# MST210/Unit 1/Book A/Inhomogeneous Second-Order Differential Equations

This section is concerned with finding solutions to inhomogeneous second-order differential equations. These are equations of the form

$a \frac{d^2y}{dx^2} + b \frac{dy}{dx} + cy = f(x)$

where $$a \neq 0$$, and $$f(x)$$ is a given continuous real-valued function.

# General Method of Solution

Let

$a \frac{d^2y}{dx^2} + b \frac{dy}{dx} + cy = f(x)$

be an inhomogeneous linear constast-coefficient second-order differential equation.

Its associated homogeneous equation is

$a \frac{d^2y}{dx^2} + b \frac{dy}{dx} + cy = 0$

The general solution $$y_c$$ of the associated homogeneous equation is known as the complementary function for the original equation.

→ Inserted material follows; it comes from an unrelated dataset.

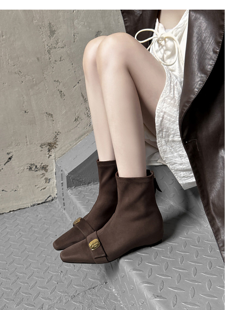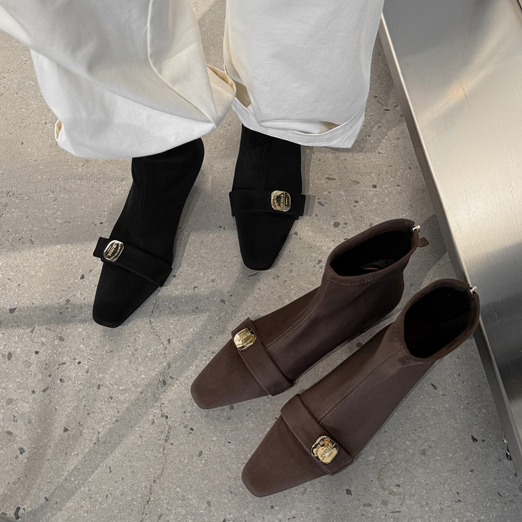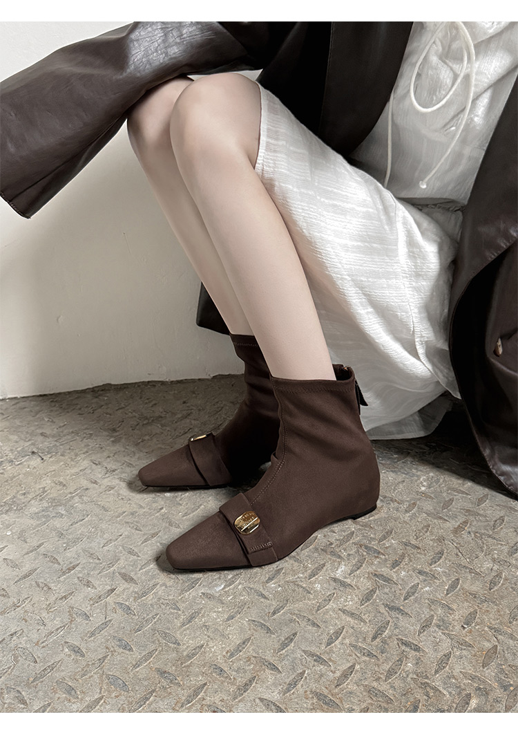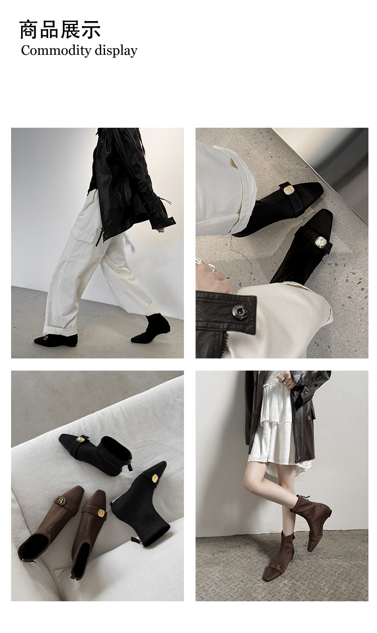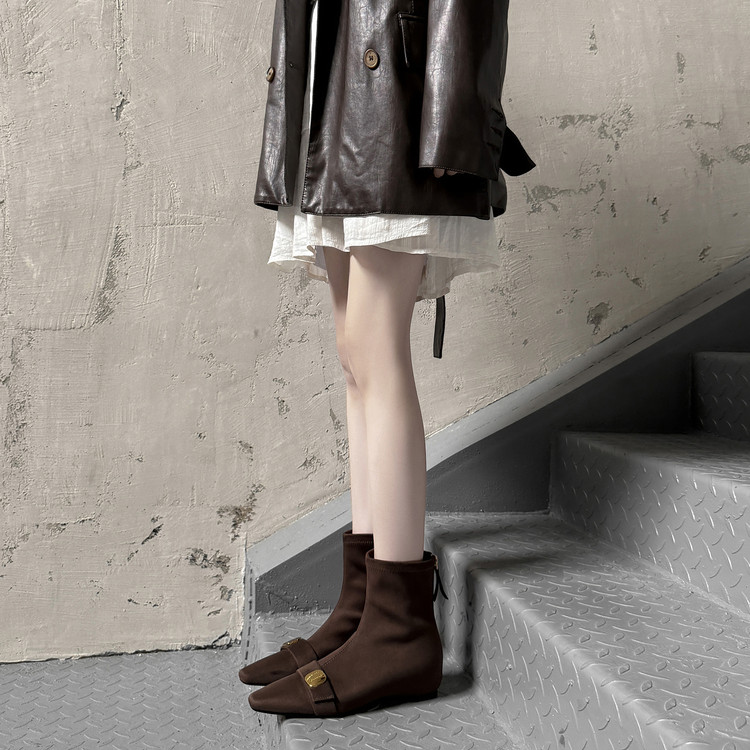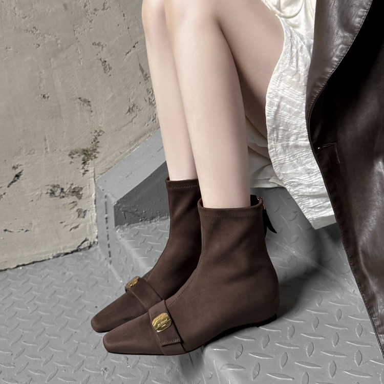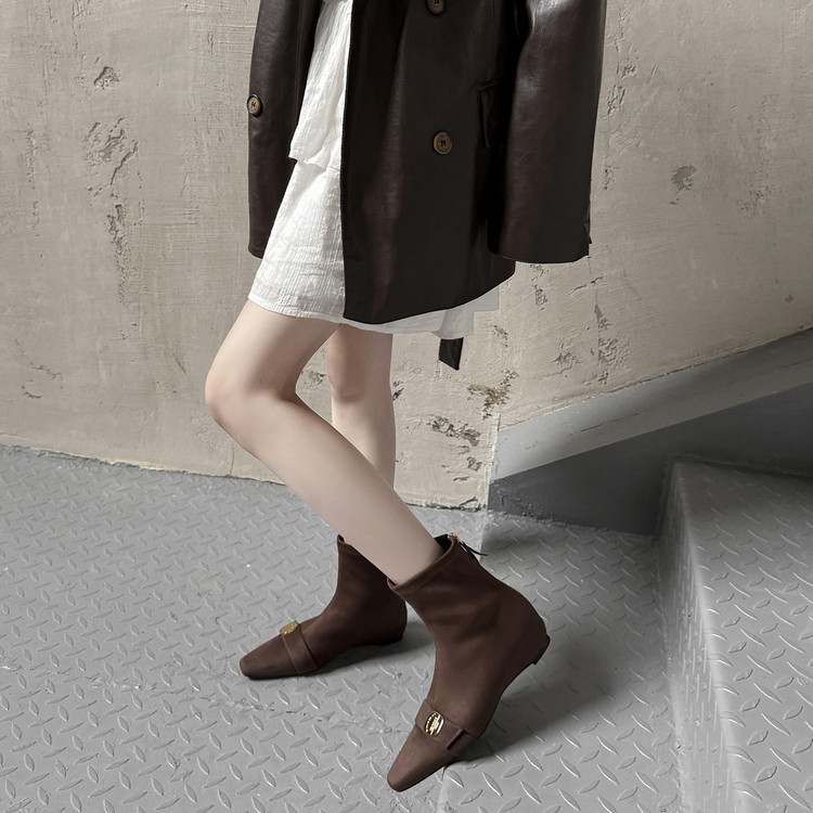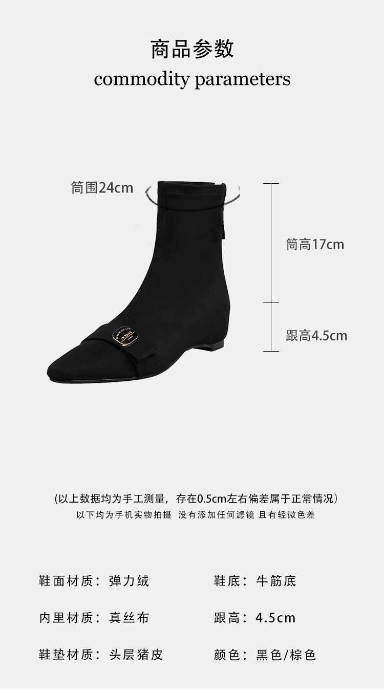 【预售5天】洋气巨好看的内增高小短靴女新款秋金属扣平跟瘦瘦马丁裸靴WC&M3676

Any particular solution $$y_p$$ of the original inhomogeneous equation is referred to as a particular integral for that equation.

Exercise 23

The Principle of Superposition states that if we have two particular solutions $$y_{p1}$$, $$y_{p2}$$, then $$y = k_1 y_{p1} + k_2 y_{p2}$$ is also a solution. Hence $$y = y_{p1} - y_{p2}$$ is a solution, where $$k_1 = 1$$, $$k_2 = -1$$.

Exercise 24
1. The associated homogeneous equation is $\frac{d^2 y}{dx^2} + 4y = 0$

The auxiliary equation for this homogeneous equation is $\lambda^2 + 4 = 0$

As seen in Exercise 21, the solutions are a pair of complex conjugate roots, $$\lambda_{1,2} = \pm 2i$$. Following Procedure 5, the general solution is

$y_c = C \cos 2 x + D \sin 2 x$ where $$C$$ and $$D$$ are arbitrary constants.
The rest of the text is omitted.